Introduction
Pull requests (PRs) are the lifeblood of code review, but when they grow from a single line fix to thousands of files and millions of lines, performance can suffer. This guide walks you through the strategies used to keep the Files changed tab fast and responsive, even for the largest PRs. By following these steps, you'll learn how to tackle rendering bottlenecks, memory bloat, and interaction latency.

What You Need
- A React-based codebase for diff rendering (like GitHub's Files changed tab)
- Performance profiling tools (e.g., Chrome DevTools, Lighthouse, INP measurements)
- Understanding of virtual scrolling and DOM virtualization concepts
- Access to a test environment with large PRs (e.g., 10,000+ files or 1M+ lines)
- Familiarity with React
keyprops, memoization, and component refactoring
Step-by-Step Improvement Process
Step 1: Measure Baseline Performance
Before making any changes, collect metrics for extreme cases. Use Chrome DevTools to capture JavaScript heap size, DOM node count, and Interaction to Next Paint (INP) scores. For example, baseline measurements showed JS heap >1 GB, DOM nodes >400,000, and high INP. Document these for comparison.
Step 2: Optimize Diff-Line Components
Focus on the core diff rendering. Reduce unnecessary re-renders by memoizing components with React.memo and using stable key props. Avoid inlining functions in JSX. Optimize the diff-line component to only re-render when its content actually changes. This keeps medium and large reviews fast while preserving native find-in-page functionality.

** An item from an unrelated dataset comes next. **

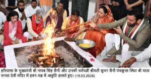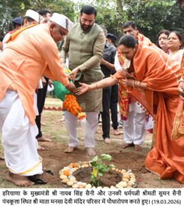 नई दिल्ली 19 मार्च: हरियाणा के मुख्यमंत्री नायब सिंह सैनी ने अपनी धर्मपत्नी श्रीमती सुमन सैनी के साथ चैत्र नवरात्र के प्रथम दिन पंचकूला पहुंचकर माता मनसा देवी मंदिर में माथा टेककर पूजा-अर्चना की और महामाई का आशीर्वाद लिया। उन्होंने प्रदेशवासियों के सुख, शांति एवं समृद्धि की कामना की।

Step 3: Implement Graceful Degradation with Virtualization
For the largest PRs, adopt virtual scrolling (e.g., using libraries like react-window or react-virtuoso). Only render the lines visible in the viewport plus a small overscan buffer. This limits DOM nodes to a few hundred instead of hundreds of thousands. Ensure that the diff still loads progressively while interactions remain responsive. Use a threshold (e.g., PR size > 1000 files) to switch to virtualized rendering automatically.
Step 4: Invest in Foundational Rendering Components
Refactor shared components (e.g., diff decorations, file headers, syntax highlighting) to avoid expensive calculations on every render. Use useMemo and useCallback to cache derived data. Batch DOM updates with ReactDOM.flushSync where appropriate. These improvements compound across all PR sizes, making even small PRs snappier.

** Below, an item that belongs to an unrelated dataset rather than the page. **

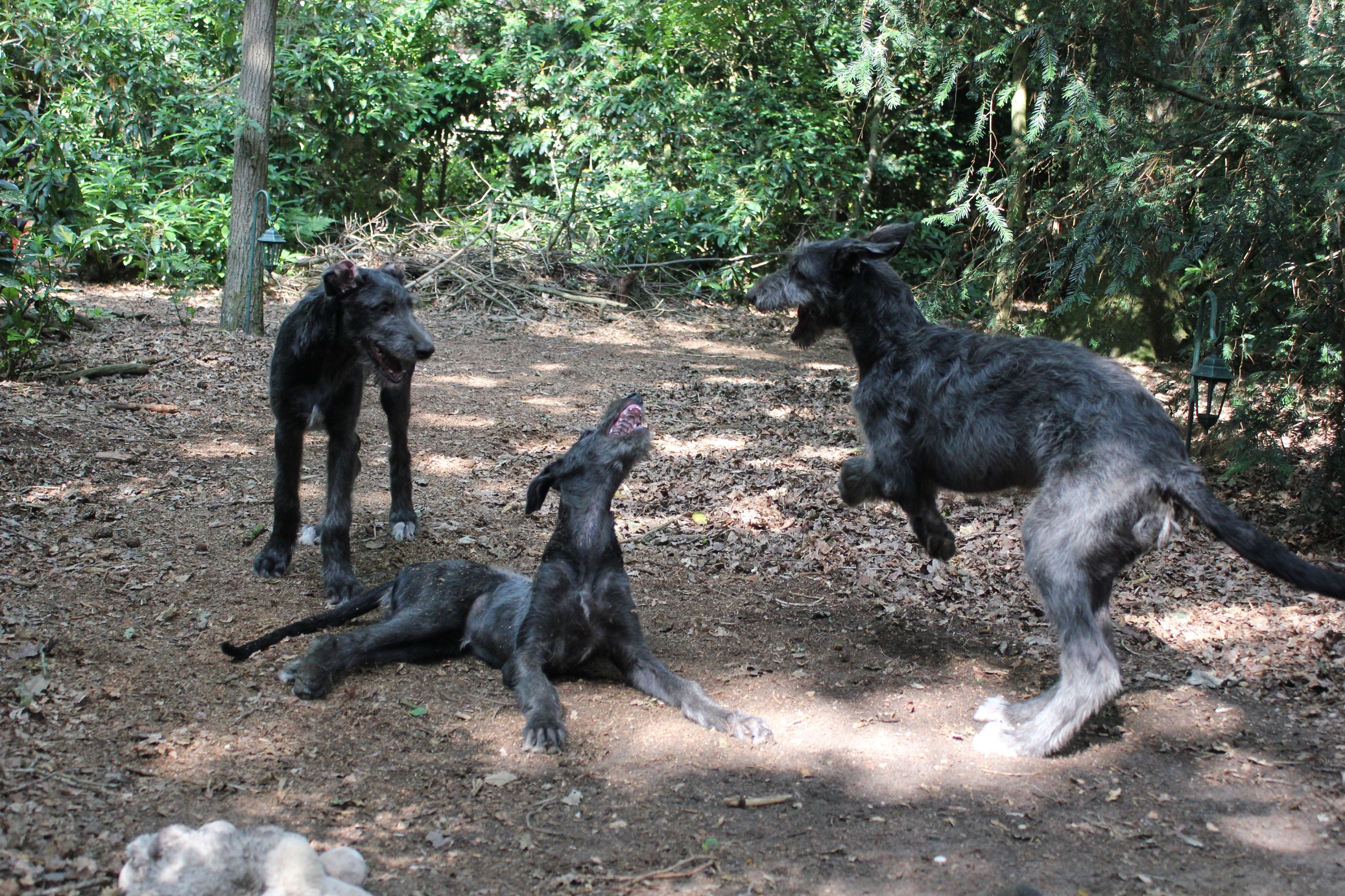 After on Wednesday the 15th of April the car packed with clothing and footwear for show and coursing, Brandir's show-and Coursingspullen and three Pinus's of thick and a half meter length, left Brandir and I on Thursday morning towards Hermannsburg. By celebrating, Brandir and Bernice could greet each other. After having walked the hounds first, the PINUSN went into the ground and Sonja and I loaded my stuff in the camper. Friday morning we headed towards ' Gut Bast ', near Großenaspe, for a weekend show and coursing. When we were about 10 kilometers away Klingelde the phone. Simon. He reported that at half past eleven a mail had come in from Dennis Buroh, the sonderleiter of the show, with the announcement that foreigners were not welcome. One reason was not there! It is of course crazy to send an email to someone who still has to travel 700 kilometers the next day to take part in the show. Anyway we arrived as if we knew nothing, Dennis and his mother greeted and asked if everything went well. Right, we were told that there were problems with the veterinary Office and that the foreign hounds were not welcome. There were all sorts of vague reasons, strange stories told and excuses concocted. We were also told that all foreigners had been notified on Wednesday by phone or e-mail. Sonja responded by saying that I was foreigner and did not hear anything. Dennis muttered something of that the email probably hadn't arrived and that there was a solution to be found. Then Sonja climbed into the phone to discuss with the President of the Landesgruppe and hear how the fork was in the stalk. A thick hour later we took the decision to mention in Brandir's passport Sonja as co-owner to solve all problems and to be nagging and to make sure that Brandir could participate in the show. When we showed Dennis the mail that Simon had been forwarding in the meantime, he said that it had taken a long time!!! For the DWZRV-Sieger show, 13 Deerhounds were reported. Fortunately, the Czech Keur Mistress recognized the right type of Deerhound but still gave far too many U-tak. Brandir became best male and Edlyn Shadrachs gift to Caoinlan, a beautiful female of Danuta Materzok-Köppen, became BOB. Bernice won the Open class with the reserve CAC but since Edlyn is in the waiting period she cannot use the CAC and moves it to Bernice. With this, Bernice became German champion!!! Edlyn Shadrachs Gift to Caoinlan makes an ugly slider. [/caption] On Sunday the coursing took place. The field was an event area where polo competitions were also held. It was huge, super tight, just cut (very nice in stripes) and so in the morning, through the moisture in the loose grass, very smooth. Several hounds made a slider. The route that had been turned off did not exceed the 500 meters while you could have put at least 1000 without difficulty. Also it was very unimaginative and even dangerous. After that the Barsoi's had walked first, the trail was changed somewhat, something more length was created and a ridiculous point was taken out. At the Deerhounds were 8 bitches reported, 7 present. In the first turn, Bernice ran with Craige or Canadagh Caoinlan of Evi Neserke. This has only walked the half course and was withdrawn for the second round. Bernice walked, after an arduous start, 53 points together, which was good for a second place! In the afternoon she was classified with Edlyn Shadrachs gift to Caoinlan, which was at the top of 54 poin

Step 5: Monitor and Tune Memory Consumption
Reduce memory footprint by unmounting off-screen components in virtualized views. Avoid storing large objects in React state or refs. Use WeakMap for caching computed styles. After optimization, verify that JS heap stays under 200 MB for extreme PRs and DOM nodes drop below 5,000.
Step 6: Validate INP Scores and User Feedback
Re-measure INP scores to ensure they fall below the 'good' threshold (e.g., 200 ms). Test on low-end devices and throttled networks. Collect user feedback on perceived lag. Iterate on any remaining bottlenecks.
Tips for Success
- Start with profiling: Always baseline before optimizing—without data, you'll guess wrong.
- Avoid silver bullets: No single technique works for all sizes; combine strategies as shown.
- Test with real-world PRs: Synthetic benchmarks may miss edge cases like syntax highlighting or images in diffs.
- Prioritize responsiveness over completeness: Graceful degredation is better than frozen UI.
- Use internal anchor links to jump to each step: Step 1, Step 2, etc.
- Document trade-offs: Virtualization may break find-in-page; you might need a hybrid approach or a fallback.